Dr. Emanuela Tolosano will explain heme's pivotal role in cell energy metabolism, including its role as a cofactor for respiratory chain complexes and interactions with translocases responsible for the ADP/ATP exchange between mitochondria and cytosol. She will describe heme biosynthesis and the mechanisms of heme trafficking at the cellular level. In addition, Dr. Tolosano will highlight data demonstrating the existence of a heme biosynthesis/heme export axis that contributes to the regulation of the tricarboxylic acid (TCA) cycle as well as oxidative metabolism and discuss the implications for cell proliferation and survival.

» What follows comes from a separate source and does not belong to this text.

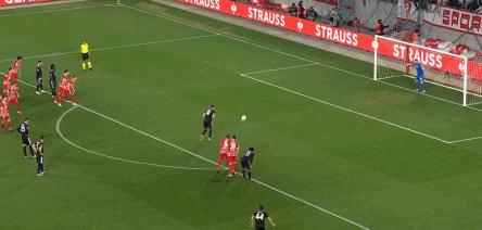 第57分鐘,弗萊堡利用前場定位球製造混亂,什琴斯尼在近角做出了一次關鍵撲救。

Finally, she will emphasize that heme synthesis is a major cellular iron-consuming process, competing for iron with the mitochondrial assembly of iron-sulfur clusters, which are crucial cofactors for electron transport chain complexes and some TCA cycle enzymes.

Dr. Jodie Babitt will discuss how the liver orchestrates systemic iron homeostasis by producing the iron hormone hepcidin, which regulates expression and function of the iron exporter ferroportin to control iron entry into circulation from the gut, iron recycling macrophages, and hepatocyte stores. Hepcidin production in the liver is regulated by a number of systemic cues that indicate the need for more or less iron, including serum and tissue iron levels, iron demand of erythropoietic cells, and inflammation. A pivotal pathway by which the liver regulates hepcidin transcription in response to these diverse signals is the bone morphogenetic protein (BMP)-Smad signaling pathway. This talk will focus on recent insights into how BMP-Smad signaling coordinates hepcidin production to control systemic iron homeostasis.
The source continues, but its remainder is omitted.